Digital assets may include everything from collectibles and wine to digital photos and movies, digital property investment, domain names, and even jewels and crypto passports. For our example today, let us go to the artistic world. Traditional artists are limited in where they may show their work. Due to inattention, the prices do not fairly reflect the value of the works. Unfortunately, platforms and advertisements have eaten into their profits from sharing their work online. NFTs are liable for creating digital copies of their work that incorporate credentials. Artists are not required to sign up for ownership of their work or material for distribution services. The financial benefits to them are substantial. Artists seldom stand to gain royalties on later sales of their works [15]. An NFT may be designed such that the artist receives a predetermined royalty payment whenever an NFT based on his digital work is sold, such as SuperRare [16], MakersPlace [17], VIV3 [18]. These platforms might be used to efficiently manage and secure digital artworks. Furthermore, numerous sites like Mintable [19] and Mintbase [20] have made it easy for ordinary people to create their own NFT works by providing them with pre-made templates and other templates and tools to work from.

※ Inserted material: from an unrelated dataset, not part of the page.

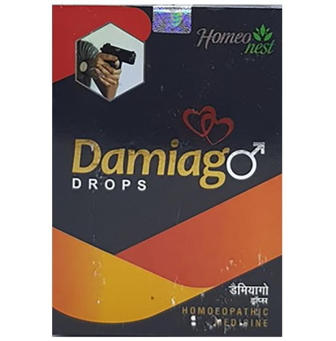 Homeo Nest Damiago Drop is an effective remedy for a number of issues mostly related to psychological disorders such as anxiety and depression and corrects low levels of energy in the body. Its main use also includes treatment of sexual dysfunction in male and promotes libido. | Key Ingredients: Agnus Castus Cinchona Officinalis Conium Mculatum Daiana Sepia | Key Benefits: Its primary use includes treatment of a psychological disorder such as depression and anxiety Restores energy levels in the body It may be beneficial in treating sexual disorders in men such as premature ejaculation and erectile dysfunction It may enhance sex drive and improve libido | Directions For Use: 15 drops should be diluted with water and taken 2-3 times a day before meals or as prescribed by the physician. | Safety Information: Read the label carefully Store in a cool and dry place Keep out of the reach of children
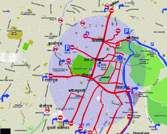 तीनकुनेबाट सिनामङ्गलतर्फ, बौद्ध एरियाबाट गौरीघाटतर्फ, पुरानो बानेश्वर, गौशाला र मित्रपार्कतर्फ आउने सम्पूर्ण मालवाहक सवारी साधनहरुलाई आवश्यकताअनुसार निषेध गरिएको प्रहरी उपरीक्षक सुवेदीले जानकारी दिए । उनका अनुसार वाग्मती करिडोर र जोरपाटीबाट चाबहिल हुँदै आउने सवारीसाधनलाई गुहेश्वरी पारी पार्किङ स्थान तोकिएको छ ।

3.2 Boosting Gaming Industry

There are many unrealised possibilities for NFT in the gaming industry. Numerous past crypto-themed video games have been published, including CryptpoKitties [21], Cryptocats [22], CryptoPunks [23], Meebits [24], etc. A novel and engaging feature of these games is the ’breeding’ system. Users have the option of taking care of their own pets and spending considerable time in the breeding of new springs. They may even buy rare or limited edition digital pets to flip for a profit. With the bonus, many investors are eager to get in on the action, which has boosted NFTs’ appeal. The NFT serves many fascinating functions, like establishing a chain of titles for virtual things in games and encouraging the economic marking of ecological hotspots. Producers of games and players alike stand to gain from such endeavours. Game developers who are also NFT publishers of features, such as guns and skins may be eligible for royalties on every instance of their creations being resold on the international market. In this case, everyone becomes victorious. The gamers may obtain unique and personalised gaming gear. Because of this, a business model will emerge that is mutually beneficial for NFT players and developers. After that, the blockchain community further broadens NFTs to include many additional forms of digital assets.

3.3 Tokenised Stock

Tokenised stocks are essentially the same as shares of stock in an openly listed firm, such as those traded on the Nasdaq or the S &P 500. These indexes measure the performance of 500 of the largest publicly traded companies in the United States. On the other hand, tokenised equities are represented by digital tokens rather than traditional stock certificates. When an investor purchases a conventional stock on an exchange or during an Initial Public Offering (IPO), their shares will normally appear in their brokerage account shortly after the transaction is completed. The methodology for tokenised equities is the same, with one significant modification being required. Since the shares are based on a blockchain, they can be purchased and traded on a cryptocurrency exchange just like any other cryptocurrency. When generating a tokenised stock, the procedure often involves the participation of a custodian and an investing institution. The institution purchases the underlying stock, which is deposited with the custodian. Tokens are distributed over a blockchain and are denominated in shares held in reserve by the custodian. The value of the underlying shares is used to determine the price of each token. After that, the tokens might be posted on a crypto exchange, where they would function similarly to other cryptocurrencies in terms of being able to be purchased and exchanged. Those who own stock tokens are granted the same exposure to the underlying stock as if they held the shares themselves, including the right to receive dividend payments if appropriate. However, they do not hold any shares in the company. They own an asset that is a derivative backed by real company shares [25].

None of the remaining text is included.